(Given material begins)

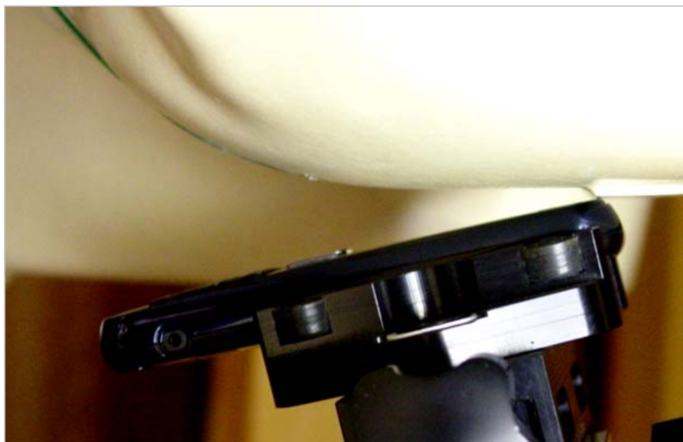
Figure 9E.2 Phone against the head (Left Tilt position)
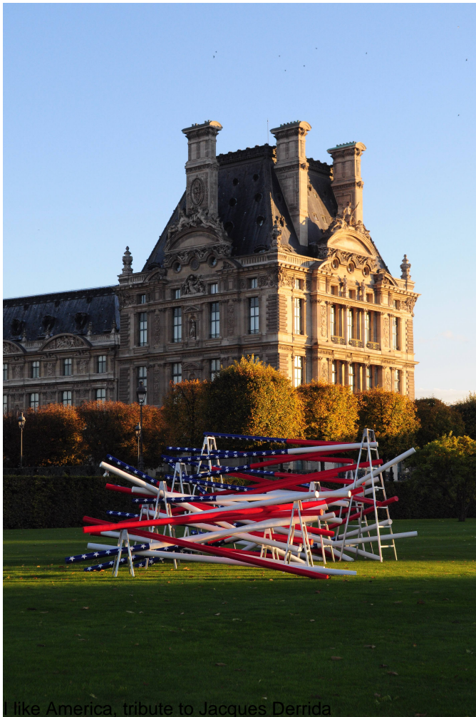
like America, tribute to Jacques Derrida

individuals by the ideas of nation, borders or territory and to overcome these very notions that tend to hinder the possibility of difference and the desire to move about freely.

(Given material ends)

» What to do: Set down the material above exactly as written, but not the pictures.

» Solution below:
Figure 9E.2 Phone against the head (Left Tilt position)
like America, tribute to Jacques Derrida

individuals by the ideas of nation, borders or territory and to overcome these very notions that tend to hinder the possibility of difference and the desire to move about freely.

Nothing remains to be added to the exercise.